One detail I got stuck on is that for typical Civi deployments (i.e. using the default collation), MySQL's
REGEXP is case-insensitive, which is not what you would usually expect when dealing with regular expressions. In Search Builder, where we also also offer the
REGEXP operator, we've chosen to force case-sensitivity via
BINARY; I feel like while that might make sense for a user-facing component like Search Builder, it's not clear that this is the right default for a more low-level component like API4 - but you could make that argument for SearchKit, so it would be nice for API4 to at least support case-sensitivity when explicitly requested.
->addWhere('first_name', 'REGEXP', ['^A', 'c']) // case-sensitive ->addWhere('first_name', 'REGEXP', ['^A', 'i']) // case-insensitive // optionally, also support the simpler notation ->addWhere('first_name', 'REGEXP', '^A']) // use defaults (i.e. rely on collation)
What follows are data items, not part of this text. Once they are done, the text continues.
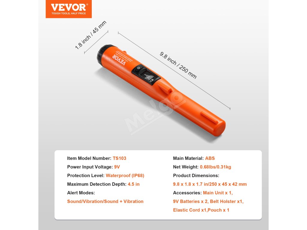 Pinpointer vodotesný ip68 114mm/4.5" dosah 3 režimy lcd s puzdrom a 9V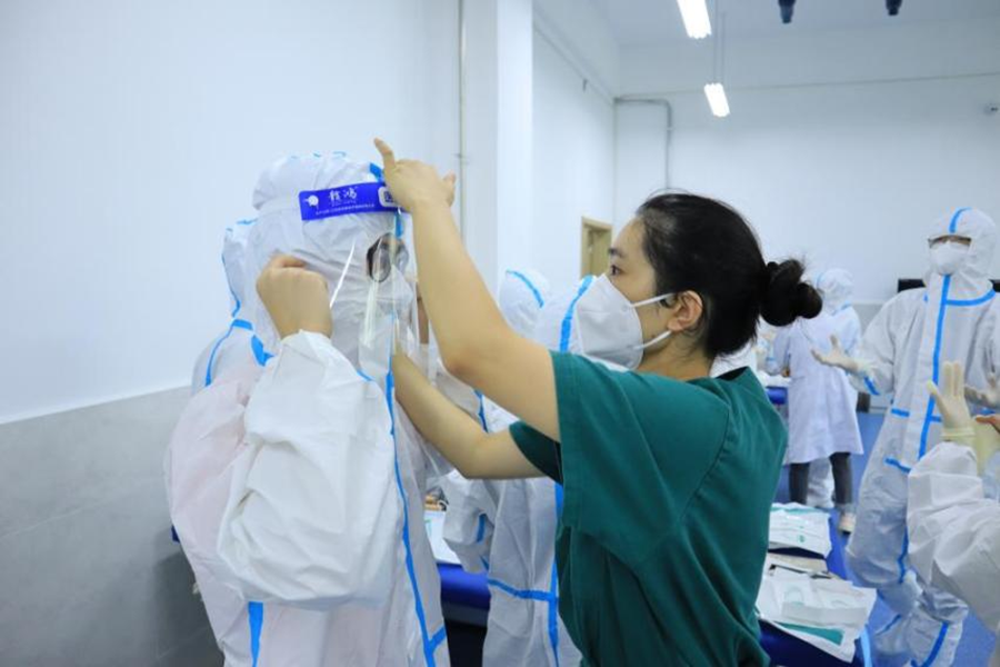 “只有每位同学都能规范地穿脱防护服,同学们的安全才有保障。”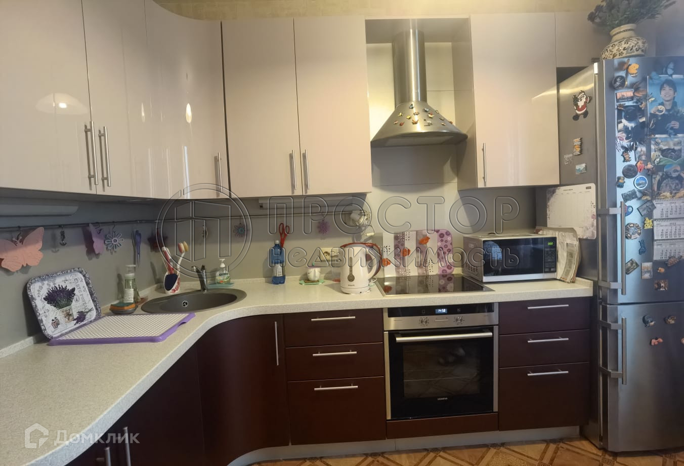 В квартире распашная планировка, две большие лоджии 2,3+2,7 кв.м. На кухне встроенный гарнитур, бытовая техника.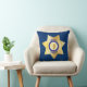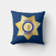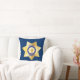 Fun pillow featuring a large Deputy Sheriff gold star badge on the front, on a deep blue background. The rear of the pillow, features a pattern of the same gold star.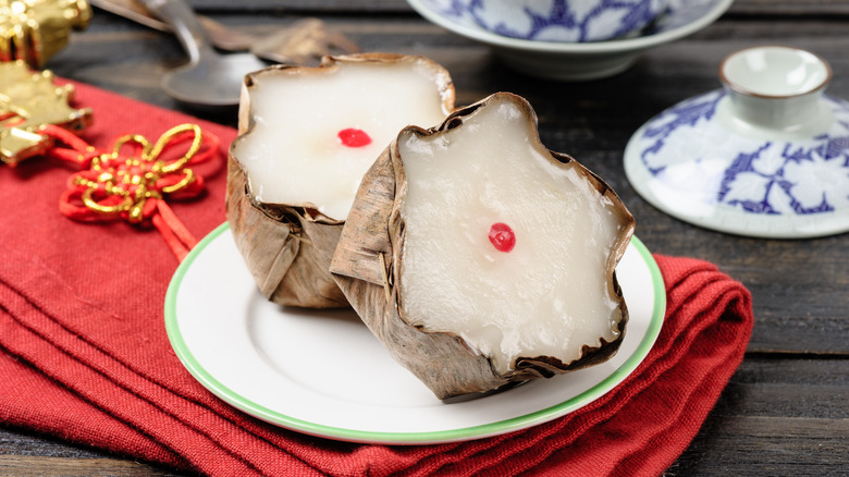 Due to the relatively small number of syllables in modern Chinese languages, homophones — characters that sound the same but have different meanings — are common. Nián gāo means sticky cake and "higher year," (via the Journal of Pragmatics), which symbolizes children's growth, higher income, and better times to come, explains Inquirer.net. The source continues by telling the story of how nián gāo was named: A clever villager named Gāo managed to outsmart a monster named Nián who intended to eat the people. Gāo instructed them to make rice cakes and place them outside their doors. The monster ate the rice cakes and left the people in peace, hence nián gāo.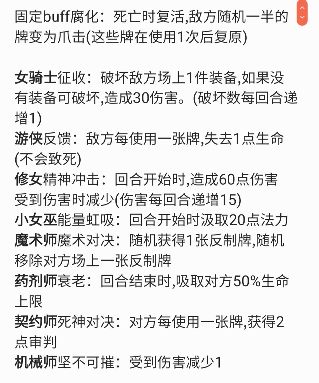 注:森灵复活后会清自己的buff,即复活后忏悔,激怒等状态会重置。变爪击的牌仅包括牌库和手上的牌,不包括坟地的牌。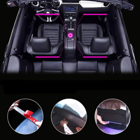 Dette LED-kit forvandler atmosfæren i din bil med multicolor lys, der reagerer på lyd. Kontroller farverne og effekterne via en mobilapp og skab en unik stemning på hver køretur. Hurtig installation og cigarettænderstik inkluderet.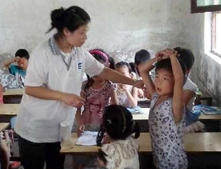 志愿者宋文靜是付里莊小學手語老師,是團隊隊員和孩子們公認的富有童趣的一小老師。她經常陪孩子們做游戲,陪他們看哆啦A夢。但就是這樣一位老師,上了課堂卻像換了個人似的,非常嚴厲。志愿者王蒙苗是付里莊小學口才勵志課老師。課堂上,她認真教學,課堂下用勵志故事激勵孩子們努力學習。因為經常照顧生病的孩子,孩子們認為她最有愛的一個老師。志愿者孔令陵是后勤人員之一及封丘支教教務主任。她每天都會在五點去最近的商店買菜,然后摘菜、洗菜,做整個團隊和部分孩子的飯菜,保障全隊生活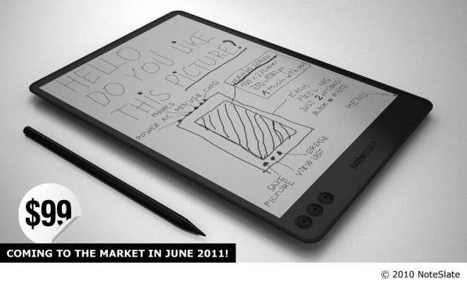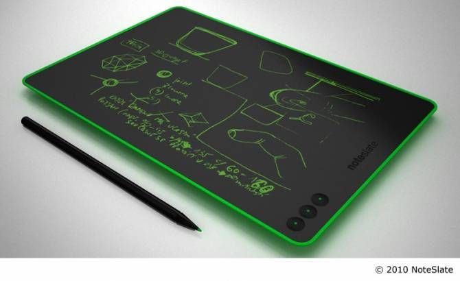 NoteSlate - цветная электронная бумага на планшете![]() Новый концептуальный планшет имеет дисплей диагональю 13 дюймов с разрешением 750 х 1080. Изначально на устройстве будет предустановлен софт для создания рисунков, проигрывания музыки и хранения заметок. В версии 1.5 будет добавлен PDF редактор, а в 2.0 приложение для распознавания рукописного текста Разработчики обещают 180 часов работы от одного заряда батареи и полностью открытый программный код. В продаже, которая начнется в июне, будут доступны версии с монохромным дисплеем, и цветные с синими, зелеными, красными чернилами, а также вариант со всеми четырьмя цветами. Черно-белая версия обойдется всего в $ 99, цена цветных пока точно неизвестна.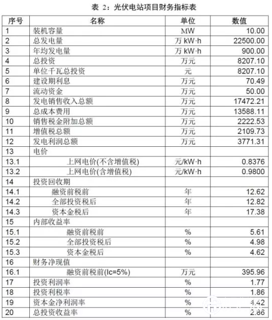 假設(shè)項(xiàng)目單位造價(jià)為8000元,裝機(jī)容量10MW,依據(jù)以上條件測(cè)算,在沒有政府補(bǔ)貼的情況下,該項(xiàng)目融資前稅前收益率在5.61%之間,投資不滿足要求,具體見下表。如單位造價(jià)降低至6800元,項(xiàng)目融資前稅前收益率達(dá)到8%,具備投資條件。因此在河南省投資光伏電站應(yīng)做好前期資源分析,選擇資源豐富地區(qū)進(jìn)行開發(fā)。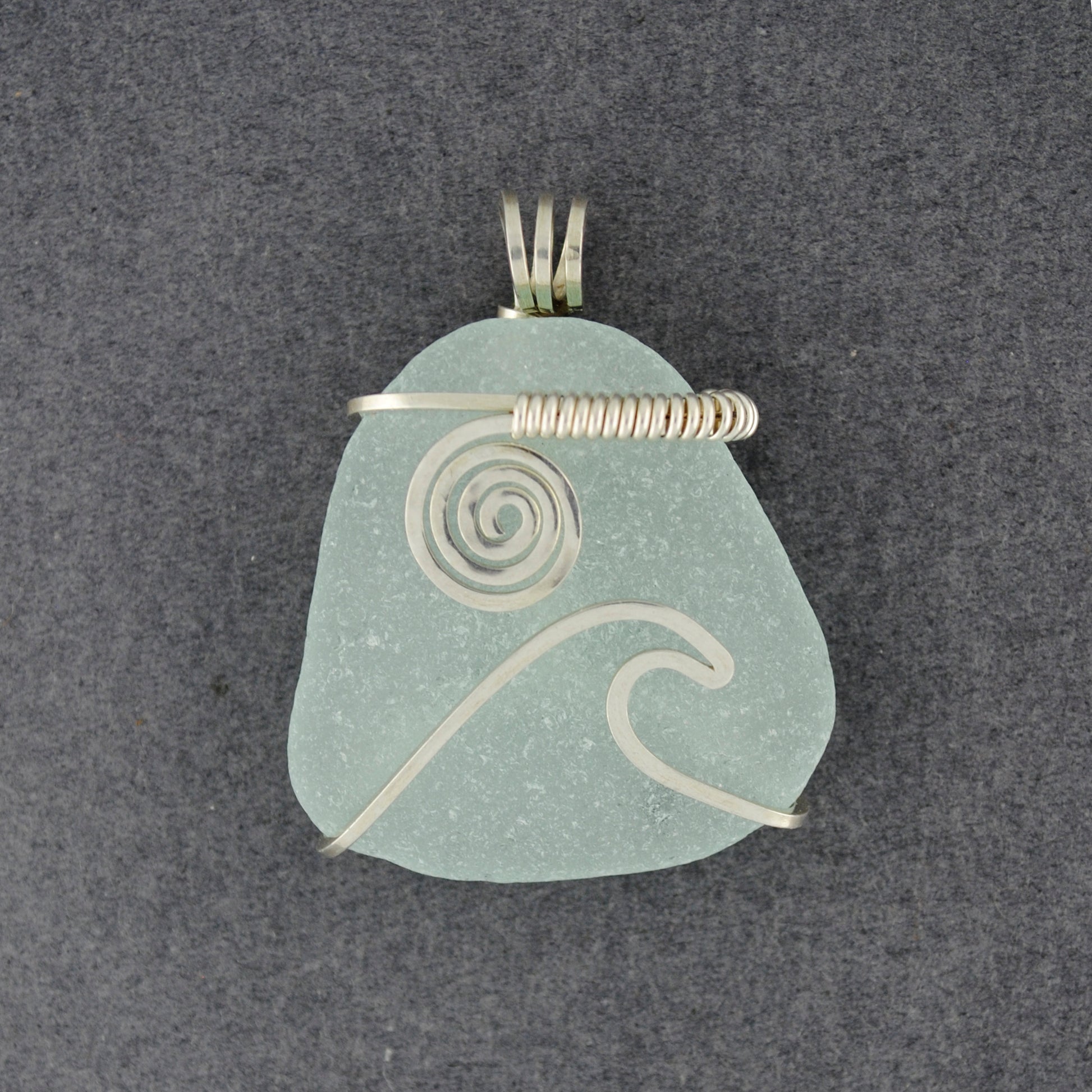 Sterling Silver Large Light Aqua Sea Glass Sun & Surf Pendant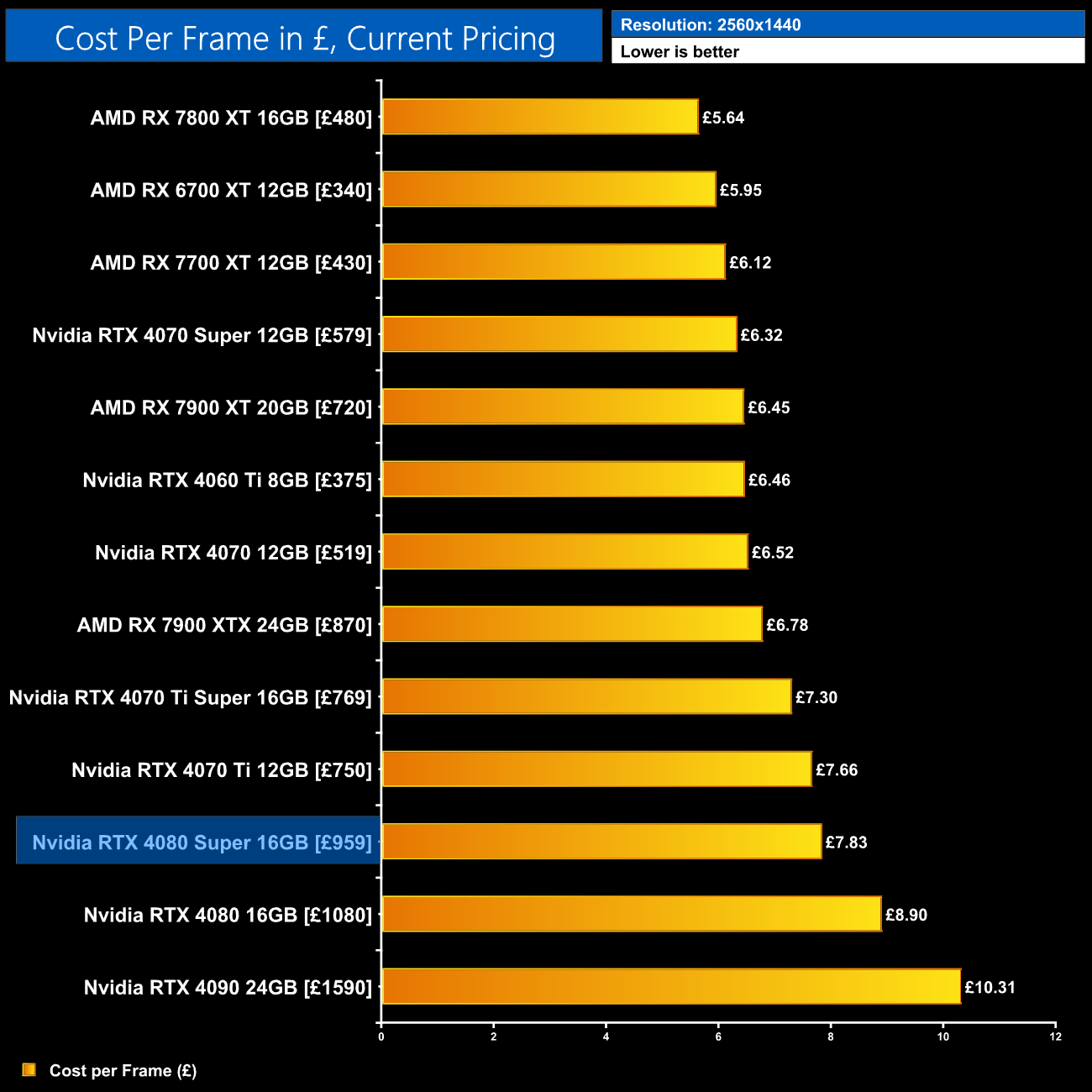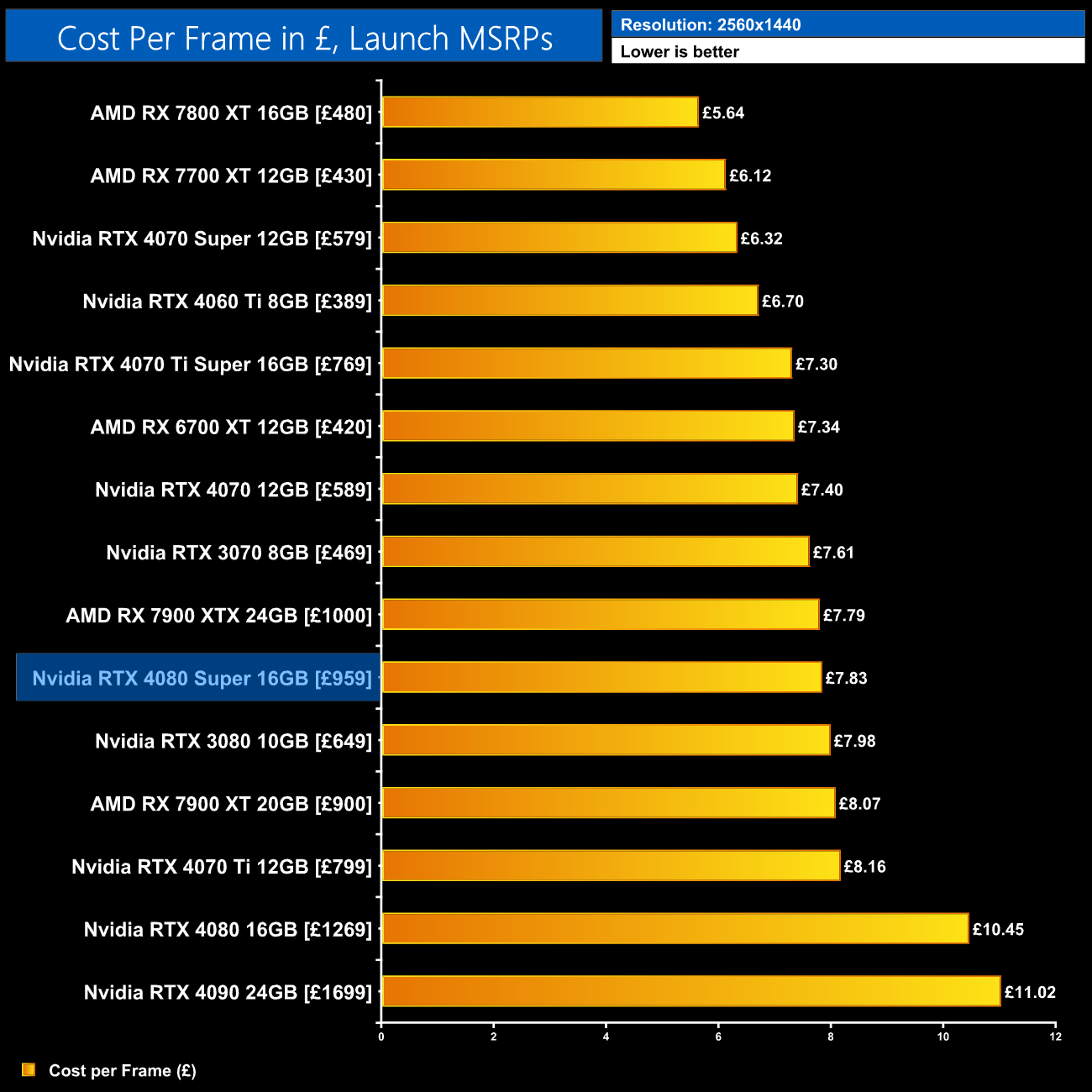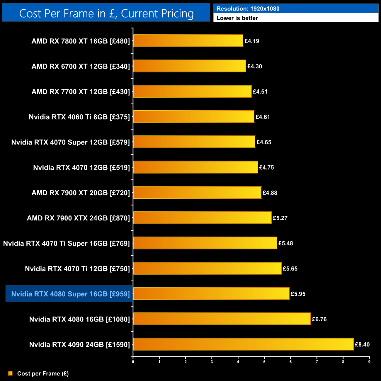 Considering the 4080 Super performs the same as the 4080, but with a UK MSRP that's £310 lower at launch, overall value is improved a fair it, as cost per frame comes in 26% lower with the new model. That makes it basically on par with the RTX 4070 using its original launch MSRP, though it's still hardly an improvement over the RTX 3080 10GB which launched at £649.

The above could be added after the fact in a backwards-compatible way, so adding the operator in the simpler version from my patch (and following the collation's case-sensitivity by default) would also be an option.
REGEXP_LIKE()is only available in MySQL 8+, so initially we'd have to implement this using
BINARYand only support the
cvalue for the last operand. Once our minimum requirements are bumped to MySQL 8 (in a few decades
😬), we could switch the implementation over to
REGEXP_LIKE()and support other values.